Course Schedule :: Project
This course is a broad overview of data mining, integrating related concepts from machine learning and statistics; exploratory data analysis, pattern mining, clustering and classification; applications to scientific and online data. By the end of the semester you will be able to:
All course communication will be via Piazza. We will post often to Piazza, so you should plan to check it often (every day).
I expect all students to have had some previous exposure to basic probability, statistics, algorithms, and data structures. You should be able to design and develop large programs and learn new software libraries on your own.

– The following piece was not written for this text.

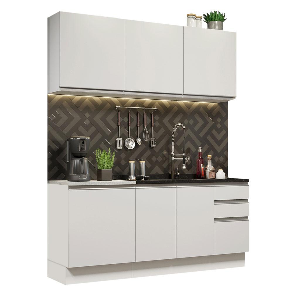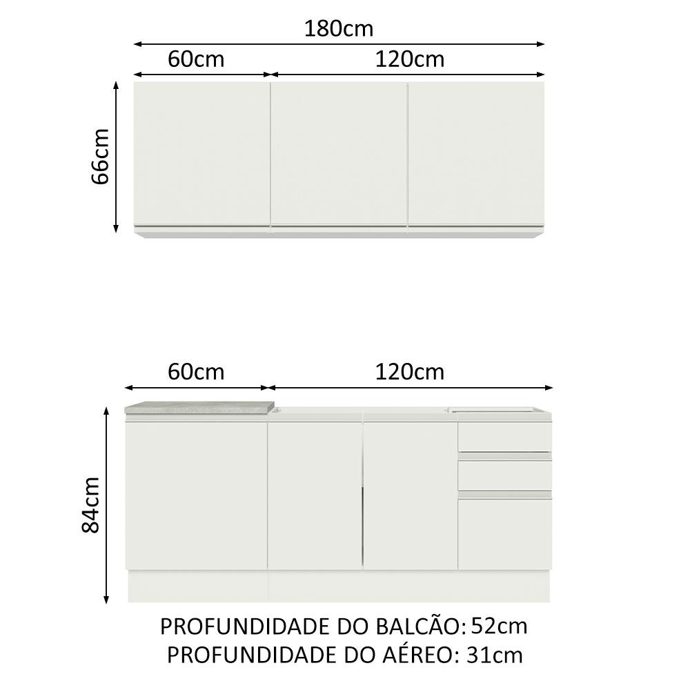 Cozinha Compacta Madesa Glamy 180005 com Armário e Balcão (Sem Tampo e Pia) - Branco

We will read some selections from:
The grading scale is A: 90-100, B: 80-89, C: 70-79, D: 60-69, F: 0-59. The course grading policy is as follows:
Participation (5%). Attendance in class and participation in the discussion are both important to your success in the course. We expect you to participate in online discussions on Piazza. Over the course of the semester, you should post at least one substantive, interesting post to the discussion forum. You must also participate in at least three threads on Piazza. Towards your participation grade, the final day to post to the discussion group is November 27. (Of course you are welcome to continue to post afterwards, but these posts will not count toward your participation grade.)
Quiz (10%). We will have one quizzes during our regular class period on October 11, worth 10%. The quiz is closed book, but you may bring one standard 8.5" by 11" piece of paper with anything you deem appropriate or significant (front and back). No devices allowed.
Final Exam (30%). We will have a comprehensive two-hour final exam on Monday, December 9, from 8am to 10am. For the final, you may bring two standard 8.5" by 11" pieces of paper with anything you deem appropriate or significant (front and back). No devices allowed.
Homework (25%). We will have several homework assignments. These will be a mix of programming assignments and problem sets. Programming assignments will be in Python; we make no expectations that you have been exposed to Python before, but we do expect you to come up to speed rapidly.
All homework assignments must be submitted by 11:59pm Central time on the due date. For the homework assignments, you may talk to any other class member or work in groups to discuss the problems in a general way. However, your actual detailed solution must be yours alone. If you do talk to other students, you must write on your assignment who it is that you discussed the problems with. Your submitted work must be written solely by you and not contain work directly copied from others.
Homework Collaboration Clarification: To clarify, your homework is yours alone and you are expected to complete each homework independently. Your solution should be written by you without the direct aid or help of anyone else. However, we believe that collaboration and team work are important for facilitating learning, so we encourage you to discuss problems and general problem approaches (but not actual solutions) with your classmates. If you do have a chat with another student about a homework problem, you must inform us by writing a note on your homework submission (e.g., Bob pointed me to the relevant section for problem 3). The basic rule is that no student should explicitly share a solution with another student (and thereby circumvent the basic learning process), but it is okay to share general approaches, directions, and so on. If you feel like you have an issue that needs clarification, feel free to contact either me or the TA.
Homework Plagiarism Policy: We will use the Stanford Moss system to check homework submissions for plagiarism. Students found to have engaged in plagiarism will be punished severely, typically earning an automatic F in the course and being reported to the Aggie Honor System.
Homework Late Days: For the homework assignments, you have a total of 5 late days that you can use during the semester. However, a single assignment can be submitted up to 3 days late only, so we can post solutions in a timely fashion. For the purposes of the class, a late day is an indivisible 24-hour unit. Once you exhaust your 5 late days, we will not accept any late submissions.
Project (30%). For the project, you will work in teams of three or four on a problem related to data mining for social good.
Regrade Policy: If you feel that we have made an error in grading, you may resubmit the assignment for a regrade within 7 days of receiving your graded assignment. You must include a brief written statement describing what portion has been graded in error. Note that we reserve the right to examine the entire assignment, so there is a chance we may find errors in your assignment that we missed before.